For multitask outputs, this function also:
  • Preserves task separation when saving to Zarr (one group per task).

  • Optionally saves raw probability maps if return_probabilities=True (as Zarr only; probabilities cannot be written to AnnotationStore).

  • Merges per-task keys for saving to AnnotationStore, including optional coordinates to establish slide origin.

Parameters:
  • processed_predictions (dict) –

    Task-organized dictionary produced by post-processing (e.g. from post_process_patches or post_process_wsi). For multitask models this typically includes:

    • "probabilities" (optional): list[da.Array] of WSI maps, present if preserved for saving.

    • Per-task sub-dicts (e.g., "semantic", "instance"), each containing task-specific arrays/metadata such as "predictions", "info_dict", etc.

    • "coordinates" (optional): Dask/NumPy array used to set spatial origin when saving vector outputs.

  • output_type (str) – Desired output format. Supported values are: "dict", "zarr", or "annotationstore" (case-sensitive).

  • save_path (Path | None) – Base filesystem path for file outputs. Required for "zarr" and "annotationstore". For Zarr, a save_path.with_suffix(".zarr") group is used. For AnnotationStore, .db files are written (one per image in patch mode, one per WSI in WSI mode). Ignored when output_type="dict".

  • **kwargs (MultiTaskSegmentorRunParams) –

    Additional runtime parameters to configure segmentation.

    Optional Keys:
    auto_get_mask (bool):

    Automatically generate segmentation masks using wsireader.tissue_mask() during processing.

    batch_size (int):

    Number of image patches per forward pass.

    class_dict (dict):

    Mapping of classification outputs to class names.

    device (str):

    Device to run the model on (e.g., “cpu”, “cuda”).

    labels (list):

    Optional labels for input images. Only a single label per image is supported.

    memory_threshold (int):

    Memory usage threshold (percentage) to trigger caching behavior.

    num_workers (int):

    Number of workers for DataLoader and post-processing.

    output_file (str):

    Filename for saving output (e.g., “.zarr” or “.db”).

    output_resolutions (Resolution):

    Resolution used for writing output predictions.

    patch_output_shape (tuple[int, int]):

    Shape of output patches (height, width).

    return_labels (bool):

    Whether to return labels with predictions.

    return_predictions (tuple(bool, …):

    Whether to return array predictions for individual tasks.

    return_probabilities (bool):

    Whether to return per-class probabilities.

    scale_factor (tuple[float, float]):

    Scale factor for annotations (model_mpp / slide_mpp). Used to convert coordinates to baseline resolution.

    stride_shape (tuple[int, int]):

    Stride used during WSI processing. Defaults to patch_input_shape if not provided.

    verbose (bool):

    Whether to enable verbose logging.

  • self (MultiTaskSegmentor)

Returns:

  • If output_type == "dict":

    Returns the (possibly simplified) prediction dictionary. For a single task, the task level is flattened.

  • If output_type == "zarr":

    Returns the Path to the saved .zarr group.
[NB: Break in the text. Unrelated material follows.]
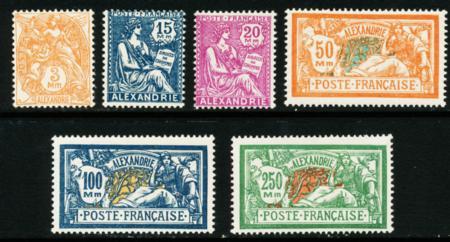 France-Offices in Egypt-Alexandria. Scott 77-86, F-VF LH, 1927-28 set of 6 CV $62.75 (Image)

  • If output_type == "annotationstore":

    Returns a list of paths to saved .db files (patch mode), or a single path / store handle for WSI mode. If probability maps were requested for saving, the Zarr path holding those maps may also be included.

Return type:

dict | AnnotationStore | Path | list[Path]

Raises:

TypeError – If an unsupported output_type is provided.

Notes

  • For "dict" and "zarr", saving is delegated to _save_predictions_as_dict_zarr to keep behavior aligned across engines.
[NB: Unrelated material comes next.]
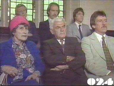 ![]() Jean ~ Christine Amor Lynn ~ Kerry Armstrong Meg ~ Elspeth Ballantyne Lizzie ~ Sheila Florance Erica ~ Patsy King Bea ~ Val Lehman Doreen ~ Colette Mann Greg ~ Barry Quin Steve ~ Jim Smillie Vera ~ Fiona Spence Karen ~ Peita Toppano Sarah ~ Andrea Butcher Barbara ~ Sally Cahill Ken Roberts ~ Tim Elliott Ted Warner ~ Ben Gabriel Catherine ~ Margo McLennan Syd ~ Alan Rowe Dr Barrett ~ Ivor Bowyer Judge ~ Keith Eden Mr Proudfoot ~ John Heywood Clerk of Court ~ Travis Keyes Bailiff V/O ~ Adam Joseph The actor playing the prosecutor has a rather individual style of delivery which could easily be mistaken for atrociously bad acting. The courtroom building There was never a jury | Barbara is still holed up in her cell next morning at the wakeup call. Karen and Bea are sceptical about Barbara's prospects of lasting much longer, and set Catherine straight over her simplistic view that Vera is responsible, pointing out that right and wrong don't make any difference - it's still Barbara who will get the blame. Lynn's father politely turns down Jean's job options for Lynn and tells her he's arranged a placement himself in a friend's nursery ("about a mile away" he claims). Jean grudgingly agrees to go and see if the placement is "suitable". Catherine sees Jean about work: she claims she has never had to do in her life and doesn't see why she should begin now, and tells her she'd be better advised to talk to Barbara and Vera's harassment of her. When Catherine refuses to repeat her remarks in front of the Governor, Jean goes to talk to Erica but she blames Doreen principally but admits Vera is actively encouraging her. Doreen herself confrims that this is true. Karen's court appearance arrives: Steve urges her not to worry, even though the cross examination will be rough on her. Erica tells Vera she intends to report her to the authorities for standing by while one prisoner bashed another. Erica speaks to Barbara and promises to protect her from both Doreen and Vera: she eventually agrees to come out of her cell. Erica decides the only solution is to transfer Barbara to another prison. Steve presents his opening arguments: he says that he will present evidence of mitigating circumstances not heard at the original trial. Ken tells Catherine that people are already gossiping that Sarah was having an affair: he then says he has sold his share in the business and intends to take up a job in Sydney and send Sarah to live with her aunt. However, Catherine seems far more upset by the idea of the house being let and "tenants? using my things?" Dr Barrett gives evidence that Karen was pregnant when he last examined her seven months ago and had a black eye when she came to collect her test results. Erica says goodybe to Barbara as she leaves: Doreen manages to find her way to reception (minus the black eye makeup and with her hair back in its old style) and apologises to Barbara. She admits to Erica she's not cut out to take Franky's place. Jean goes to see Syd's nursery and attends Karen's trial. Greg is cross examined by the prosecutor about his previous knowledge of Karen and accused of manufaturing testimony to help her: he responds that he is not in love with Karen and never was. Jean takes Lynn to meet Syd. Karen gives evidence about her pleasure at the news of her pregnancy and her husband's angry reaction leading to her deciding to have an abortion. The judge agrees to an adjournment when Karen becomes too upset to continue, but the prosecutor indicates to Steve that he thinks it is all an act to play for the jury's sympathy.

  • When output_type == "annotationstore", arrays are first computed (via a Zarr/dict pass) to obtain concrete NumPy payloads suitable for vector export, after which per-task stores are written using _save_predictions_as_annotationstore.

  • If return_probabilities=True, probability maps are written only to Zarr, never to AnnotationStore. A guidance message is logged describing how to visualize heatmaps (e.g., converting to OME-TIFF).